Sur le rapport du ministre du travail, du ministre des rapatriés, du ministre des finances et des affaires économiques et du secrétaire d'Etat au budget,

Vu la loi n° 61-1439 du 26 décembre 1961 relative à l'accueil et à la réinstallation des Français d'outre-mer ;
Vu la loi n° 59-939 du 31 juillet 1959 relative à l'accession des salariés français de Tunisie et du Maroc au régime de l'assurance volontaire pour la vieillesse ;
Vu la loi n° 60-768 du 30 juillet 1960 relative a l'accession des travailleurs français non salariés du Maroc, de Tunisie, d'Égypte et d'Indochine au régime d'allocation vieillesse et d'assurance vieillesse ;
Vu la loi n° 61-1413 du 22 décembre 1961 tendant à étendre la faculté d'accession au régime d'assurance volontaire vieillesse aux salariés français résidant ou ayant résidé dans certains États et dans les territoires d'outre-mer;
Vu le code de la sécurité sociale, livres III (titre Il) et VIII (titre 1er) ;
Vu le décret n° 62-261 du 10 mars 1962 relatif aux mesures prises pour l'accueil et le reclassement professionnel et social des bénéficiaires de la loi n° 61-1439 du 26 décembre 1961, et notamment son article 40,

Décrète :

Article 1er - Les travailleurs, rapatriés salariés et non salariés peuvent bénéficier, en fonction leur âge, de délais de paiement et de subventions pour le rachat de tout ou partie du montant de leurs cotisations à des régimes obligatoires d'assurance vieillesse institués par une disposition législative ou réglementaire.

Article 2 Modifié par Décret 76-536 1976-06-14 art. 1 JORF 21 juin 1976.

Pour racheter leurs cotisations d'assurance vieillesse au titre des lois susvisées, les rapatriés visés à l'article 1er peuvent échelonner le versement desdites cotisations pendant une période n'excédant pas dix ans, avec l'accord de la Caisse compétente, sans toutefois que le dernier versement puisse être reporté au-delà de soixante-cinq ans. Pour bénéficier de cette facilité, ils devront produire à la Caisse dont ils relèvent une attestation établissant leur qualité de rapatrié.

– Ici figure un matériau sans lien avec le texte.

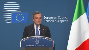 La questione della Polonia non pone alternative. "Quello che è stato messo in discussione", dice Draghi, "non è una legge secondaria dell'Unione, ma il Trattato, una legge primaria. Le regole sono chiare, e qui è stata messa in discussione la base dell'Unione. Bisogna però mantenere un dialogo e una strada politica aperta con la Polonia. Essere chiari sulla difesa dei principi dell'Unione ma disponibili a continuare il dialogo con estremo rispetto delle opinioni divergenti". "Nessuno ha dubbi che questo governo sia europeista. Abbiamo detto sin dall'inizio che chi fa parte del governo deve rispettare il diritto dell'Unione" e considerare l'Euro "un grande successo", ha risposto il premier a chi gli chiedeva della posizione della Lega in merito al nodo della Polonia.
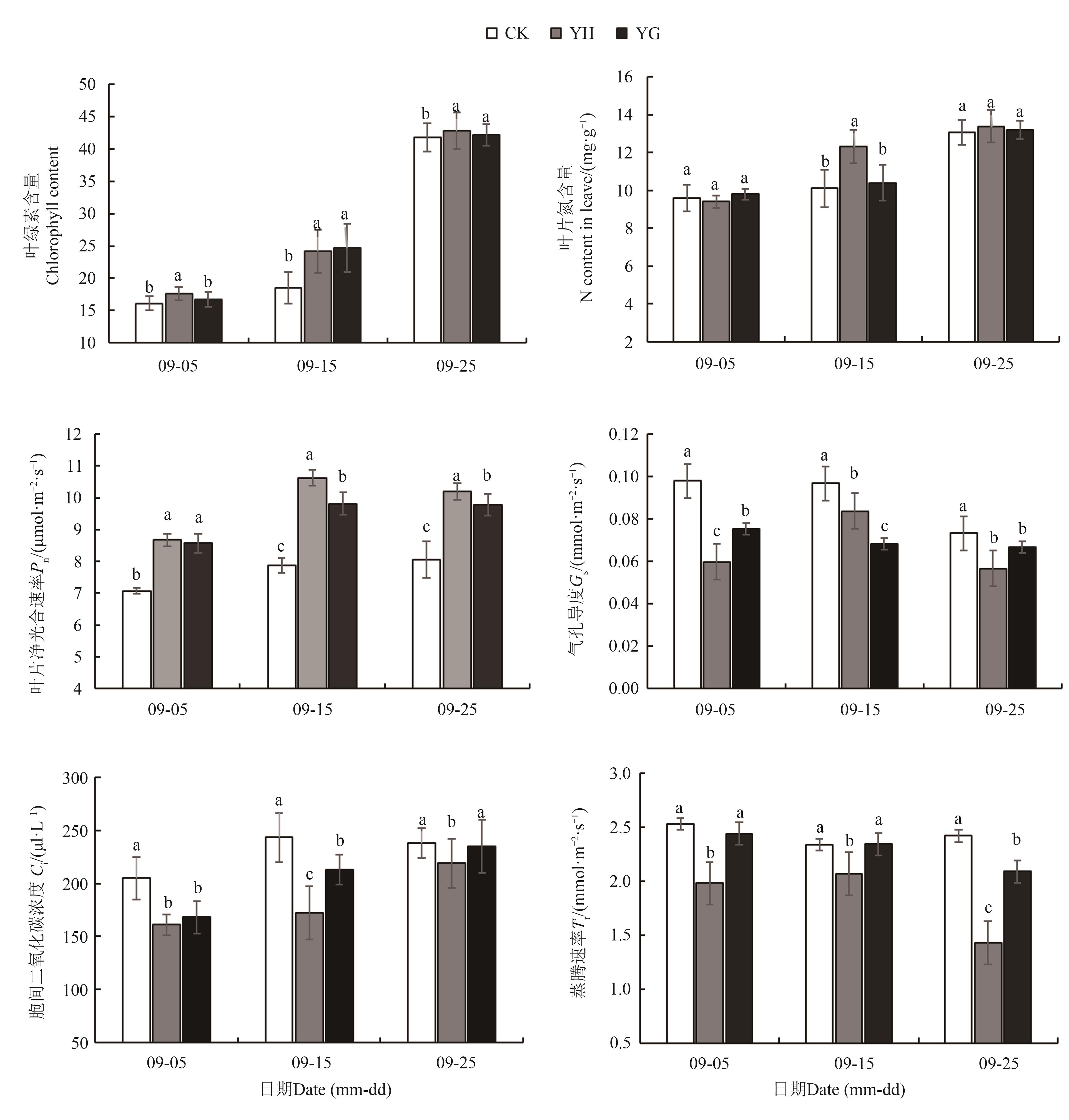 Fig. 3 Photosynthetic indexes of ‘Shine Muscat’ grape leaves under different reflective filmsNote:Different lowercase letters of same day indicate significant differences between different treatments at P<0.05 level.

Pour racheter leurs cotisations d'assurance vieillesse, soit au titre :

- De la loi n° 59-939 du 31 juillet 1959 relative à l'accession des salariés français de Tunisie et du Maroc au régime de l'assurance volontaire pour la vieillesse ;
- De la loi n° 60-768 du 30 juillet 1960 relative à l'accession au régime de l'assurance volontaire des travailleurs français non salariés du Maroc, d'Egypte et d'Indochine au régime d'allocation vieillesse et d'assurance vieillesse
- De la loi n° 61-1413 du 22 décembre 1961 tendant à étendre la faculté d'accession au régime de l'assurance volontaire vieillesse aux salariés français résidant ou ayant résidé dans certains États et dans les territoires d'outre-mer,

Les rapatriés visés à l'article 1er peuvent échelonner le versement desdites cotisations pendant une période n'excédant pas dix ans avec l'accord de la caisse compétente, sans toutefois que le dernier versement puisse être reporté au-delà de soixante cinq ans. Pour bénéficier de cette facilité, ils devront produire à la caisse dont ils relèvent une attestation établissant leur qualité de rapatrié.

Article 3 Modifié par Décret 76-536 1976-06-14 art. 2 JORF 21 juin 1976.

Les rapatriés âgés de plus de cinquante-cinq ans peuvent recevoir une subvention pour couvrir tout ou partie du montant du rachat de leurs cotisations à des régimes obligatoires institués par une disposition législative ou réglementaire.

A compter du 1er janvier 1976, le plafond du montant de la subvention est fixé à 10.000 F pour les rapatriés âgés de cinquante-cinq ans; ce chiffre est majoré de 2.000 F. par année au-dessus de cet âge, sans pouvoir dépasser le plafond de 40.000F.

Les rapatriés âgés de plus de cinquante-cinq ans peuvent recevoir une subvention pour couvrir tout ou partie du montant du rachat de leurs cotisations à des régimes obligatoires institués par une disposition législative ou réglementaire.

Le plafond du montant de la subvention est fixé à 2.000 F pour les rapatriés âgés de cinquante-cinq ans ; ce chiffre est majoré de 400 F par année au-dessus de cet âge sans pouvoir dépasser le plafond de 8.000 F.

Article 4 Modifié par Décret 64-855 1964-08-20 JORF 23 août 1964.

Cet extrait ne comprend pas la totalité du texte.